1. The Definition of Confidential Information
Confidential information refers to all the information and the data or the technology which is not generally known to the public but can also bring economic benefit to its holder including but not limited to any software, craft, design, drawing, proprietary technology, project, flow, mode, hardware configuration information, customer list, contract, cost, research report, estimation and evaluation, report forms, business plan, trade secret, business model, corporateresolution, etc., or all of the business information, financial information, technical data, capital goods as well as meeting documents and files related to the research, development, production, product, service, customer and market of the provider; the confidential information shall consist of both that is identified as confidential in writing, and given verbally which is then identified as confidential or proprietary in writing.
The above referred to the confidential information excluding following information:
a.) which is in the know by the receiver before the provider received it in the case of without shouldering the burdens of confidentiality;
b.) which is not caused by the fault of neither side is known to the public
c.) which is obtained legally from the third party without shouldering the burdens of confidentiality, and the receiver could be defined as to understand whom obtain and disclose the confidential information not illegally;
d.) which is disclosed legally to the third party without shouldering the burdens of confidentiality by the provider, and as well as by the third party;
e.) which is obtained by the receiver through independent development in the case of never exposing to the confidential information;
f.) which is released by the receiver with the prior informed permission in written form of the provider.

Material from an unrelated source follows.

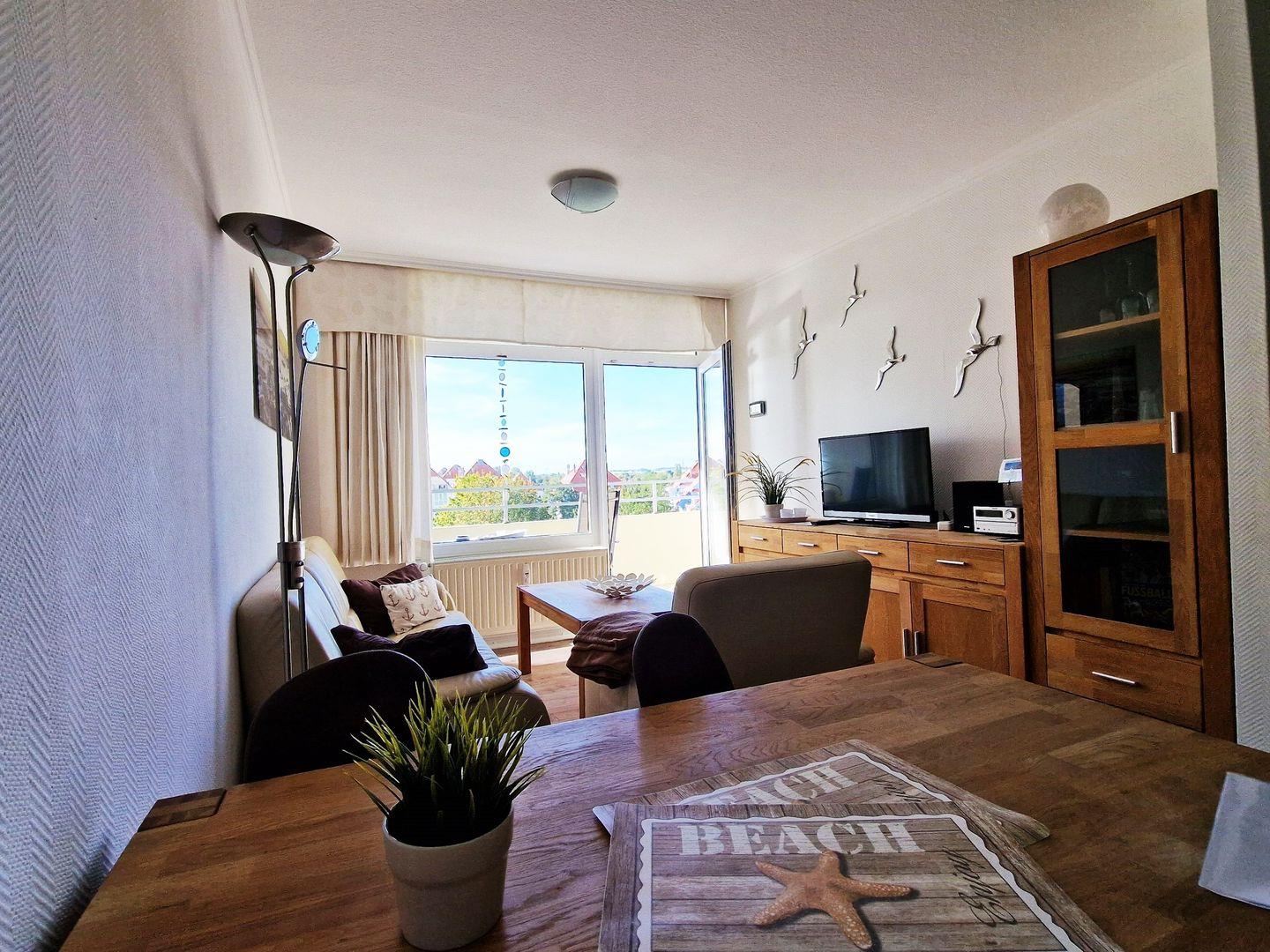 Vom möblierten Balkon mit Sitzgelegenheiten haben Sie einen seitlichen Blick aufs Meer und von mittags bis abends können Sie hier ein sonniges Plätzchen einnehmen.

2. The receiver and the provider
The “receiver” is referred to as one party who gains the confidential information.
The “provider” is referred to as one party who provides the confidential information.
The confidential information is often described as “private information”, “business secret” or “know-how”. The Original recognized legally can forcedly control and prevent the party who has known the confidential information to be breach of the contract and integrity to use the confidential information. This coerciveness depends on the Original showing that: this confidential information is not known by the public domain, and the confidential information should be abided by the confidentiality agreement to send to other party, and the Original can be able to sustain the loss owing to the other party is breach of the contract and integrity. The owner of the confidential information can be able to decide whether send the confidential information to other party or control the confidential information by himself or herself.